Analyst · Craig-Hallum Capital. Your line is now open.

We don't really have a pinned down projection or assumption. We kind of tend to shy away from doing that and getting too obsessed about trying to predict it. But I do think that, without diving too much in the weeds, I think about this a lot and maybe it's time to just let it go into history. But 2019 might be looked at as kind of a flat-type year, but you have got to always remember that there are a lot of sales that were pulled from 2019 forward into 2018. So that was really what I was trying to get out in my comments that once the dust has cleared on that inventory, the retail inventory situation which we are tired of talking about, once that dust is cleared and you are really looking year-over-year on more comparable months and quarters, there is a lot of reason to see that right now the industry is growing in kind of low-to-mid single digits and we don't see that changing.

Greg Palm

Analyst · Craig-Hallum Capital. Your line is now open.

And how do you view the inventory situation out there? I mean, has it cleared entirely? Has it cleared in most regions? I mean, how is sort of the level of inventory either at your own stores or from the independents, in your opinion?

Bill Boor

Analyst · Craig-Hallum Capital. Your line is now open.

I would venture to say, it's largely cleared. I think that issue is behind us.

Greg Palm

Analyst · Craig-Hallum Capital. Your line is now open.

Perfect. All right. I will leave it there. Thanks for the time.

Bill Boor

Analyst · Craig-Hallum Capital. Your line is now open.

Thanks Greg.

Operator

Operator

Thank you.

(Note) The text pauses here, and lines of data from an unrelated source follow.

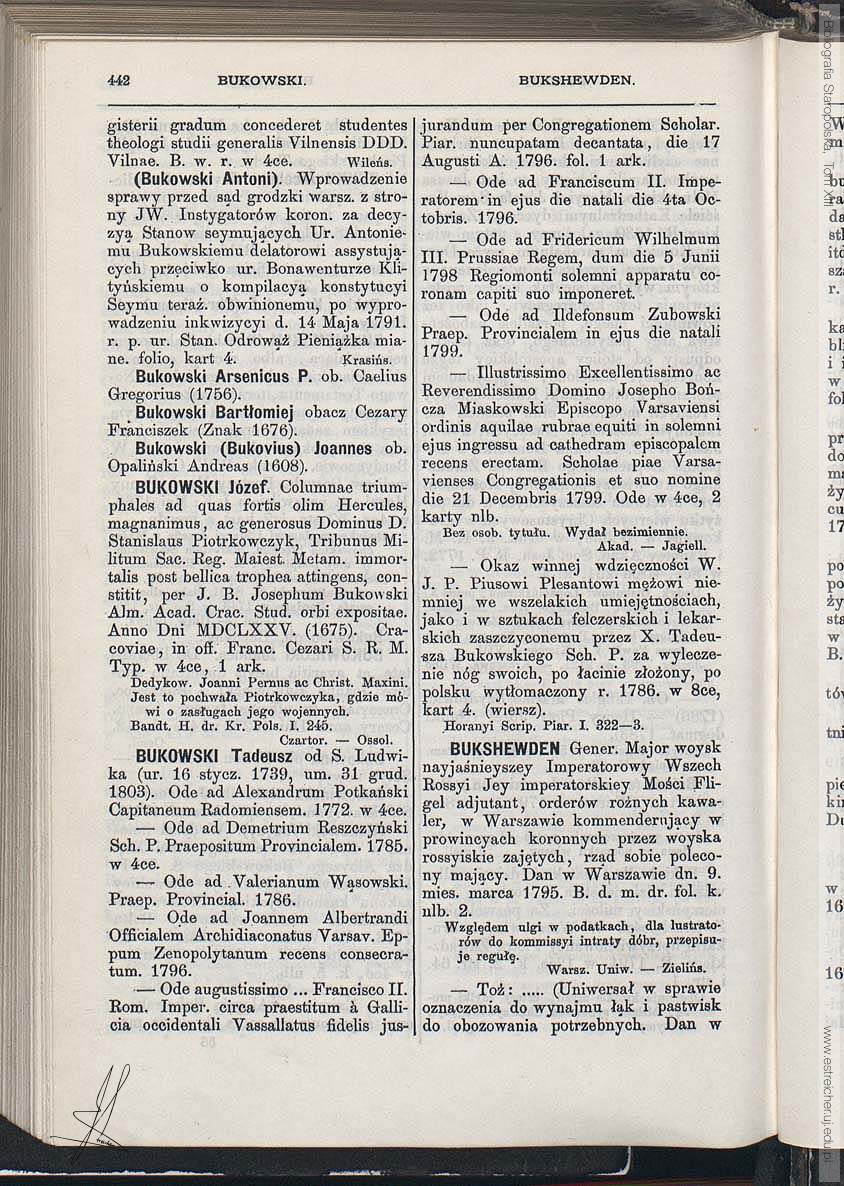 Nazwisko i imię: (Bukowski Antoni) Tom zbioru ogólnego: 13 Tom serii: III 02 Stronica: 442 [otwórz stronicę w nowym oknie] << Poprzednie hasło | Następne hasło >> << Poprzednia stronica | Następna stronica >>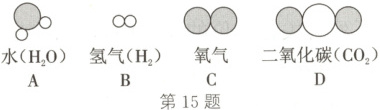 15. 如图为部分物质的分子模型和化学符号(化学式)。结合所学化学知识,回答下列问题:
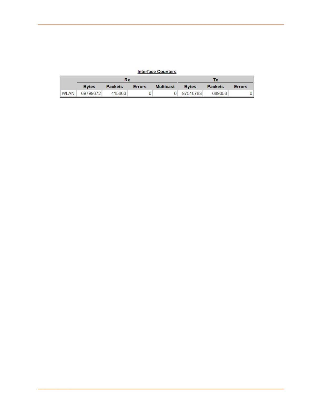 This table shows statistics for data received by and transferred from the wireless client interface.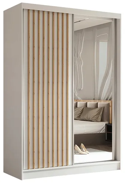 Szafa BOSTON z lamelami na drzwiach przesuwnych dostępne jest w kilku wariantach kolorystycznych do wyboru od nowoczesnej bieli, przez ciepły kolor dębu artisan po klasyczną i zawsze modną czerń. Duże lustro na drzwiach sprawia, że szafa świetnie sprawdzi się w małej sypialni czy w wąskim przedpokoju, ponieważ optycznie powiększy przestrzeń oraz swoim nowoczesnym wyglądem wzbogaci wystrój wnętrza.

I am not showing any further questions at this time. I would now like to turn the call back over to Bill Boor for any closing remarks.

Bill Boor

Analyst

Okay. It's not a lie. I really appreciate people's interests. We are always available to continue the discussion. Thanks a lot for joining us today and have a great day.

Operator

Operator

Ladies and gentlemen, this concludes today's conference call. Thank you for participating. You may now disconnect.